Dataset Snapshot — 2024
The dashboard covers 24 counties across North and Central Texas for the year 2024. All four metrics — Homicides, Motor Vehicle Crash Deaths, Firearm Fatalities, and Traffic Volume — are expressed as rates per 100,000 population, except Traffic Volume which is average daily vehicles per meter of major roadway.
Not every county has data for every metric — smaller rural counties are suppressed when event counts are too low to produce statistically reliable rates.
1. Homicides (2024)
What it measures: Deaths due to homicide per 100,000 population.
County Rankings (2024):
| County | Rate |
| Dallas County | 9.11 ← Highest |
| Navarro County | 6.58 |
| Tarrant County | 6.25 |
| Kaufman County | 6.08 |
| Hunt County | 5.04 |
| Ellis County | 4.51 |
| Wise County | 4.00 |
| Hood County | 3.57 |
| Johnson County | 2.82 |
| Parker County | 2.56 |
| Collin County | 2.40 |
| Rockwall County | 2.10 ← Lowest (reported) |
| Denton County | 2.06 |
Key Observations: Dallas County at 9.1 per 100k is a significant outlier — more than 3.4x higher than Rockwall and Denton. The suburban growth counties (Collin, Rockwall, Denton, Parker) all cluster below 2.6, reflecting their affluent, lower-density profiles. Mid-tier counties like Navarro, Kaufman, and Hunt sit in the 5–7 range, likely driven by corridor crime along US-75 and I-45.
Racial Breakdown (2024) — where data is available:
| County | Black | Hispanic | White |
| Dallas | 23.4 | 6.4 | 3.8 |
| Tarrant | 17.1 | 5.3 | 3.6 |
| Kaufman | 27.8 | — | 3.2 |
| Ellis | 13.3 | 3.6 | 3.5 |
| Collin | 7.7 | 2.3 | 1.9 |
| Denton | 7.4 | 1.8 | 1.3 |
The racial disparity is stark. Black residents in Dallas face a homicide rate ~6x higher than White residents in the same county. Kaufman County’s Black rate of 27.8 is the highest in the dataset. Hispanic residents face intermediate rates across all reported counties. AIAN, Asian, and NHOPI data is suppressed throughout — insufficient event counts.

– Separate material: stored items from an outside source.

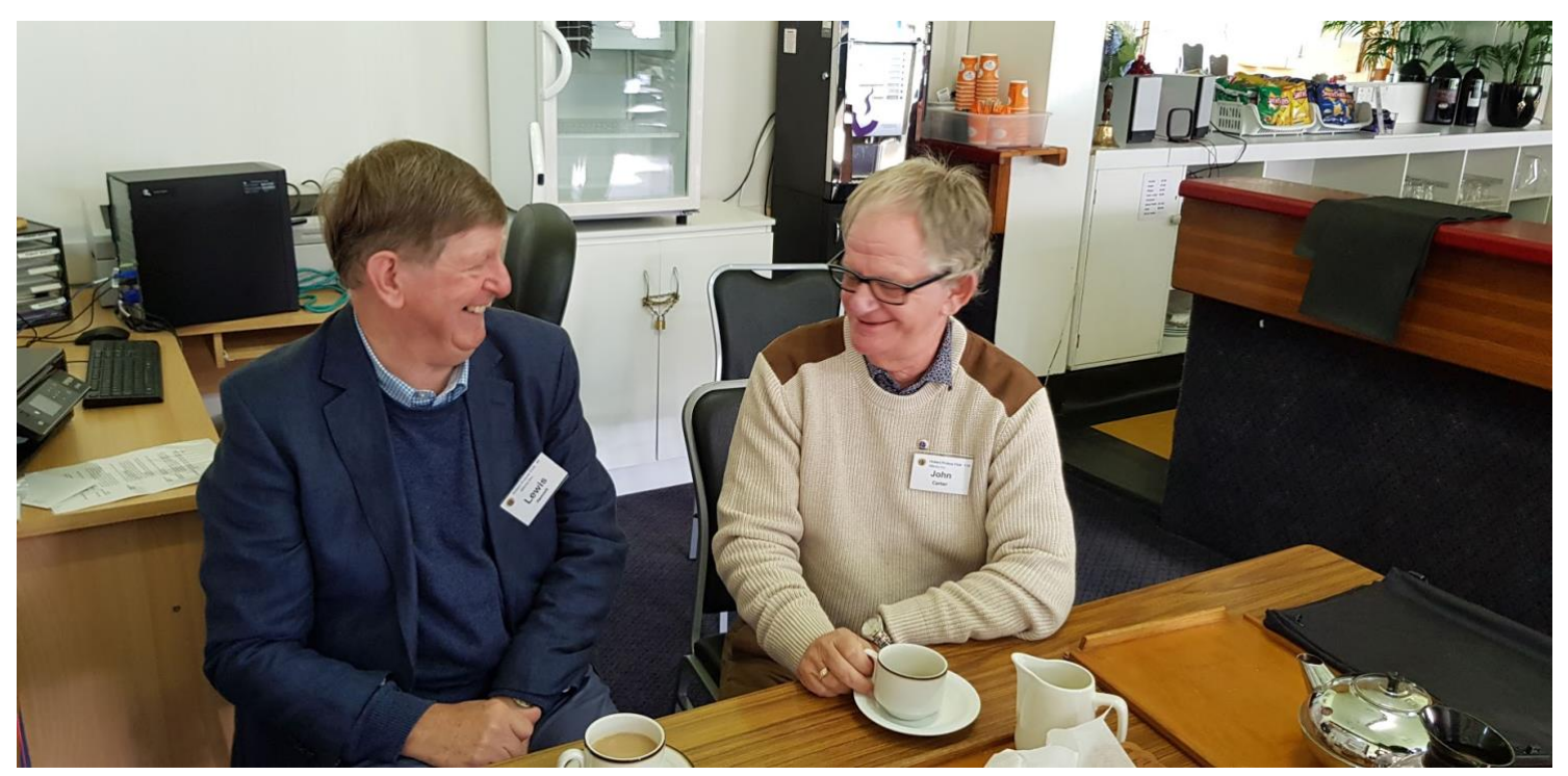
Clearly up to no good!
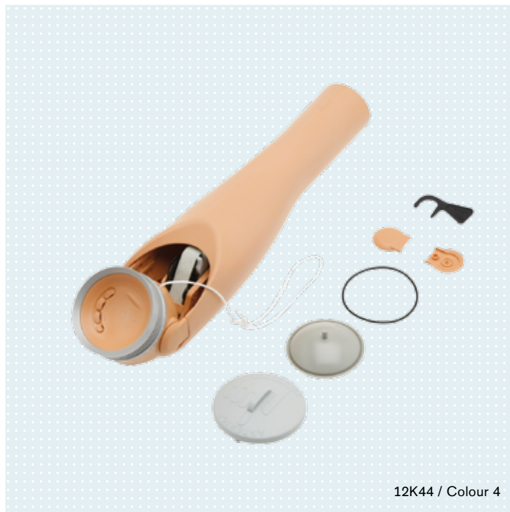
12K44 / Colour 4

In addition to the functions of the ErgoArm plus, the 12K44 ErgoArm Hybrid plus features Easy-Plug integrated internal wiring. This elbow component is especially well suited for use in hybrid prostheses with a myoelectric hand and an elbow joint lock operated using a body harness.
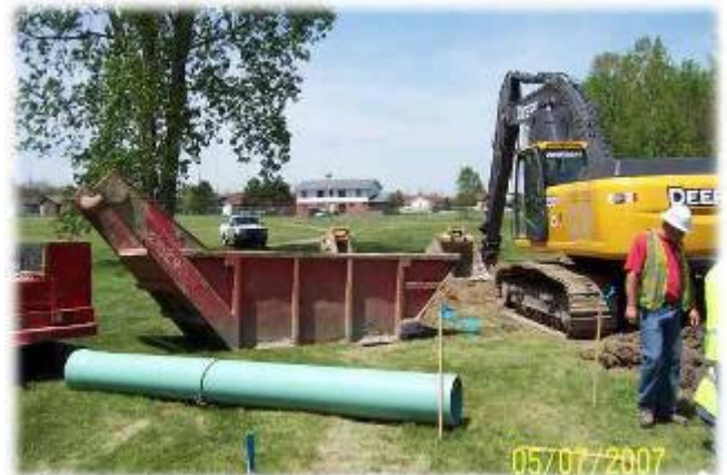
The new pond is on a truly grand scale. You can see the apartment building behind here, which should have some interesting new views in the next month. Waterfront property?
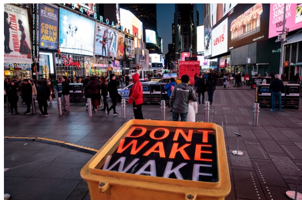
Image: An exhibition put on by the Spring/Break Art Show in New York's Times Square.
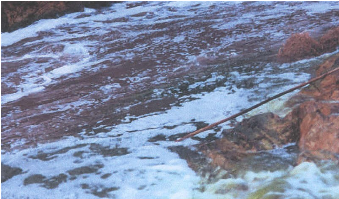
Foto 38 - Ponto de mistura do efluente da ETE Samambaia com o rio Melchior
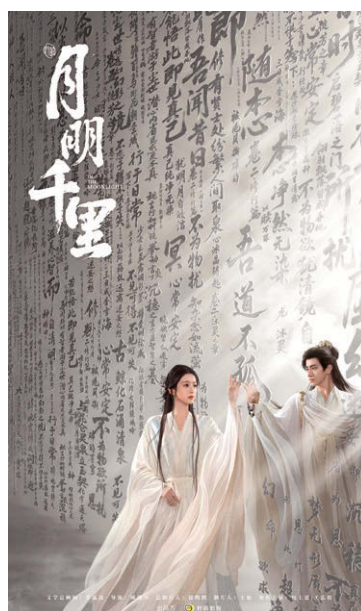
“In the Moonlight” (《月明千里》)
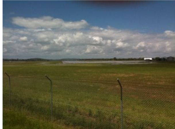
Looking towards the run way taken from roof of car. Another shot of runway

2. Motor Vehicle Crash Deaths (2024)
What it measures: Deaths from motor vehicle crashes per 100,000 population.
County Rankings (2024):
| County | Rate |
| Comanche County | 38.87 ← Highest |
| Hamilton County | 35.83 |
| Jack County | 33.87 |
| Stephens County | 33.34 |
| Erath County | 24.62 |
| Hunt County | 24.48 |
| Bosque County | 28.73 |
| Palo Pinto County | 26.42 |
| Navarro County | 22.32 |
| Kaufman County | 20.94 |
| Parker County | 19.38 |
| Johnson County | 17.35 |
| Hood County | 16.89 |
| Brown County | 16.93 |
| Tarrant County | 10.48 |
| Denton County | 7.68 |
| Collin County | 6.44 ← Lowest |
| Rockwall County | 8.27 |
Key Observations: This is the most dramatic urban-rural divide in the entire dashboard. Comanche County’s rate of 38.9 is nearly 6x higher than Collin County’s 6.4. Rural counties dominate the top: Comanche, Hamilton, Jack, Stephens — all sparsely populated counties with high-speed open roads, longer emergency response times, and lower seatbelt compliance. Urban DFW counties (Collin, Rockwall, Denton, Tarrant) cluster at the bottom despite carrying enormous traffic volumes — because urban roads are lower-speed and better-patrolled.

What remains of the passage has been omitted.